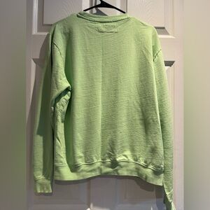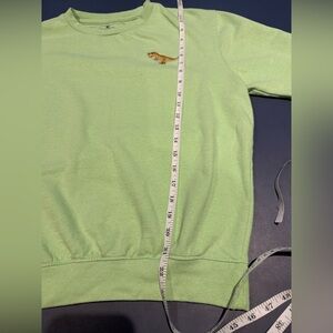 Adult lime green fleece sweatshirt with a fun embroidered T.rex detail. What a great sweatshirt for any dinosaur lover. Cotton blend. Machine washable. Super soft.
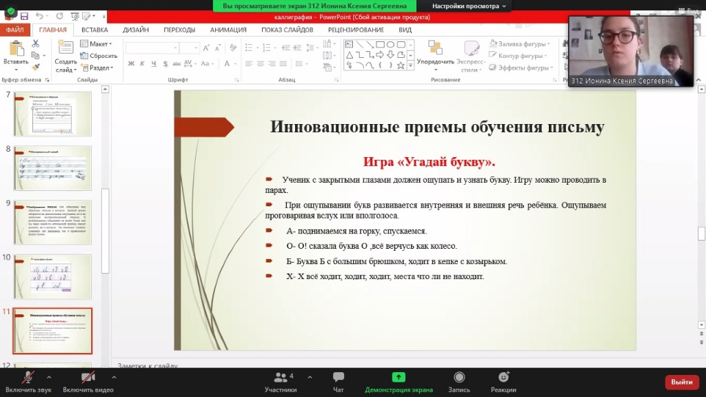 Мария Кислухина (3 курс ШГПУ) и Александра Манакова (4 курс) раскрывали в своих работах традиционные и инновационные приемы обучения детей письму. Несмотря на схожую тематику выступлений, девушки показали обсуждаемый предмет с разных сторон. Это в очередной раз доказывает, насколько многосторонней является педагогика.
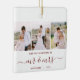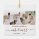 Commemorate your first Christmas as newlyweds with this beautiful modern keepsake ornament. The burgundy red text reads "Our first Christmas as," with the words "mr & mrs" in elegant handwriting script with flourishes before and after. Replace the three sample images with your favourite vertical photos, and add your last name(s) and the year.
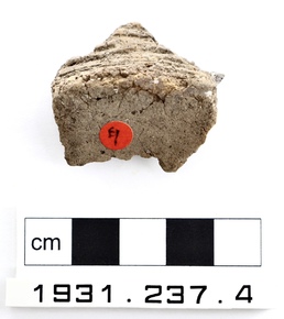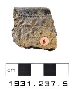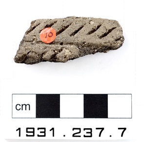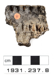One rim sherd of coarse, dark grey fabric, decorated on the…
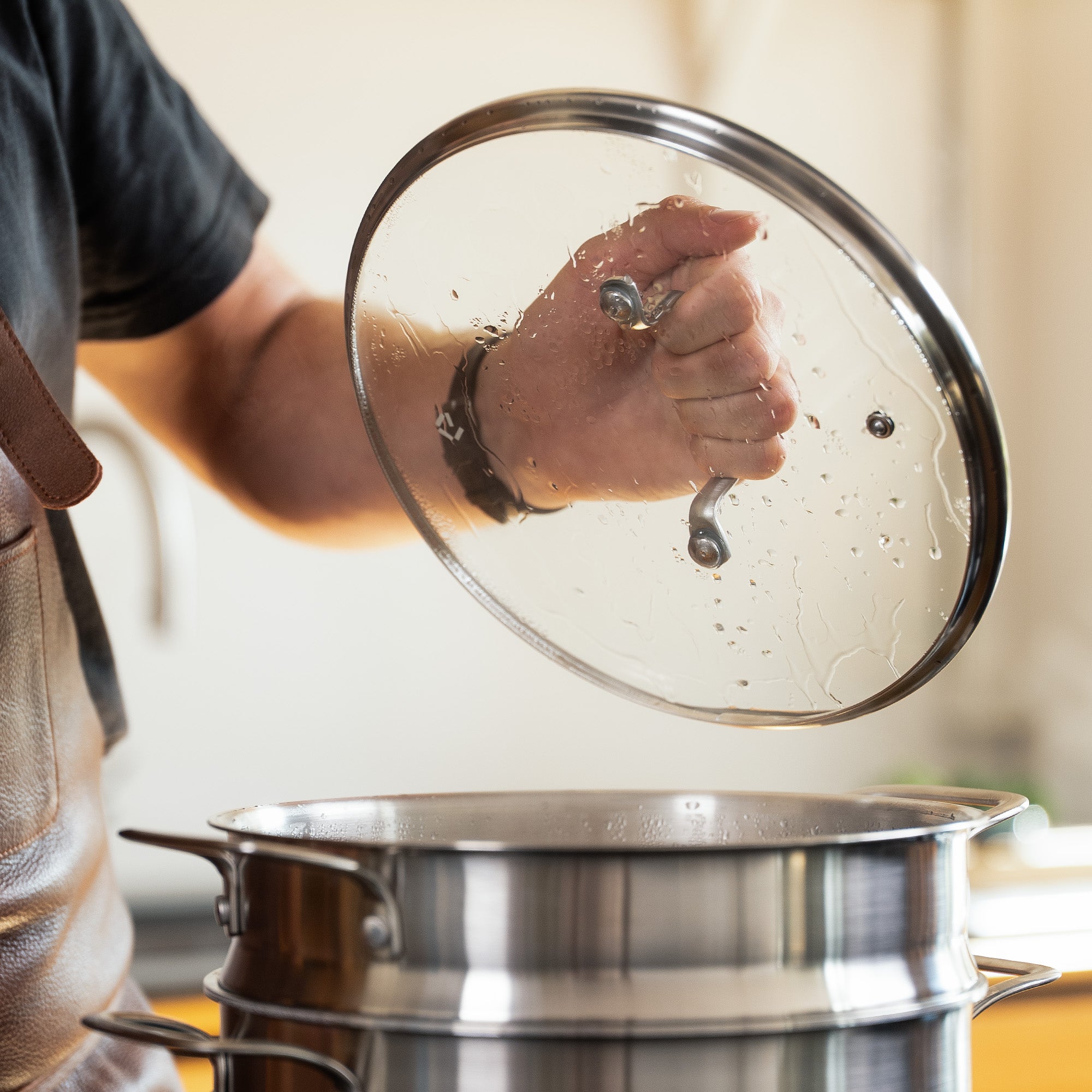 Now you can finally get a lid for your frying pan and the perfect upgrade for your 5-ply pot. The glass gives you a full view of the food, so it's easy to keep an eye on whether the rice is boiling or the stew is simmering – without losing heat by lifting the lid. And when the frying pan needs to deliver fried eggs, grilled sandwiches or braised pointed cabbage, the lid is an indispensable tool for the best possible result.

- **About this exercise**: Every line above should be duplicated exactly; the pictures are to be left out.

- **Answer space**:
 Adult lime green fleece sweatshirt with a fun embroidered T.rex detail. What a great sweatshirt for any dinosaur lover. Cotton blend. Machine washable. Super soft.
 Мария Кислухина (3 курс ШГПУ) и Александра Манакова (4 курс) раскрывали в своих работах традиционные и инновационные приемы обучения детей письму. Несмотря на схожую тематику выступлений, девушки показали обсуждаемый предмет с разных сторон. Это в очередной раз доказывает, насколько многосторонней является педагогика.
 Commemorate your first Christmas as newlyweds with this beautiful modern keepsake ornament. The burgundy red text reads "Our first Christmas as," with the words "mr & mrs" in elegant handwriting script with flourishes before and after. Replace the three sample images with your favourite vertical photos, and add your last name(s) and the year.
One rim sherd of coarse, dark grey fabric, decorated on the…
 Now you can finally get a lid for your frying pan and the perfect upgrade for your 5-ply pot. The glass gives you a full view of the food, so it's easy to keep an eye on whether the rice is boiling or the stew is simmering – without losing heat by lifting the lid. And when the frying pan needs to deliver fried eggs, grilled sandwiches or braised pointed cabbage, the lid is an indispensable tool for the best possible result.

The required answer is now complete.